TO DO:
Extract precisely the lines that run from the line containing "The State Transition" to the end of the records below, with both ends included and pictures omitted.
━━━ PROVIDED RECORDS
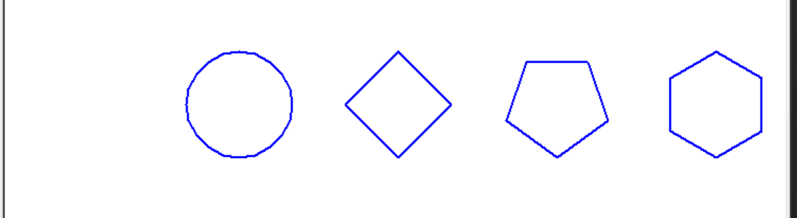 from turtle import * def moveto(x,y): penup() goto(x,y) pendown() def main(): pensize(2) pencolor('blue') moveto(-150,0) circle(50) moveto(0,0) circle(50,steps = 4) moveto(150,0) circle(50,steps = 5) moveto(300,0) circle(50,steps = 6) hideturtle() done() main()
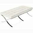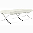Банкетка Barcelona разработана известным архитектором Людвиг Мис ван дер Роэ в 1929 году как дополнение к креслу Barcelona. Она создавалась для того, чтобы в итоге получить подобие шезлонга и сделать сидение на кресле еще более удобным. Подушка  обтянута высококачественной натуральной кожей Премиум белого цвета, к каркасу крепится ремнями. Основание оттоманки — стальная рама на двух ножках из нержавеющей стали, полированная вручную.
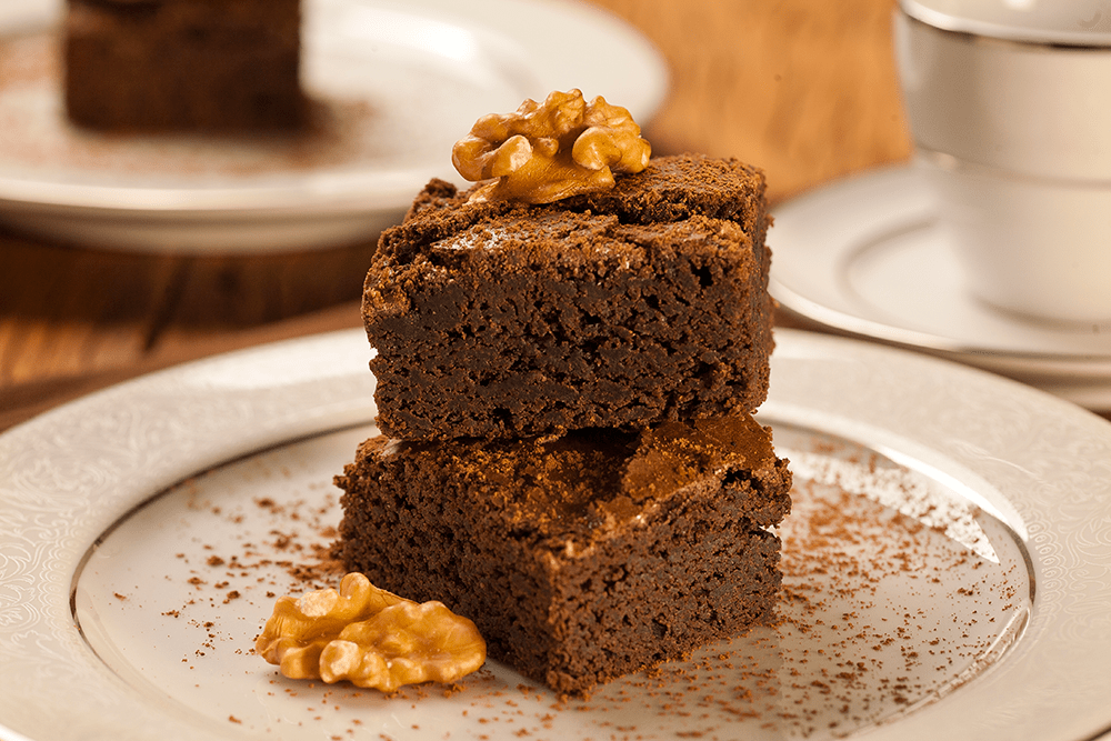 Depois de frio, corte em quadrados, polvilhe Cacau em Pó e coloque nozes.
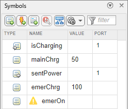 The State Transition Table block Battery Control contains the control logic for the system. To determine whether the battery charges or discharges, the table receives a Manual Switch block as an input.
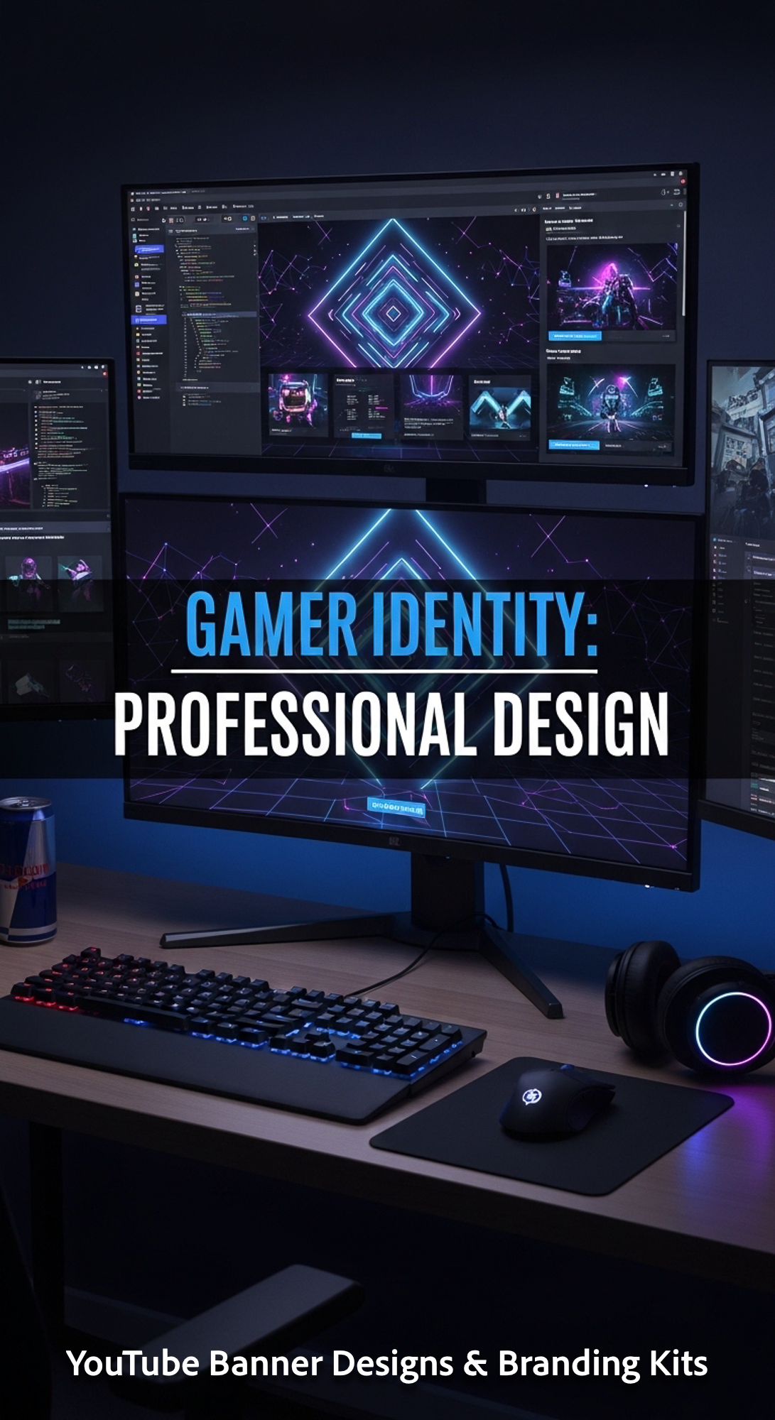 A tech desk with multiple screens one showing a cohesive gaming channel kit overlay text Gamer Ident
━━━━━━
SOLUTION TO THIS EXERCISE:
 The State Transition Table block Battery Control contains the control logic for the system. To determine whether the battery charges or discharges, the table receives a Manual Switch block as an input.
 A tech desk with multiple screens one showing a cohesive gaming channel kit overlay text Gamer Ident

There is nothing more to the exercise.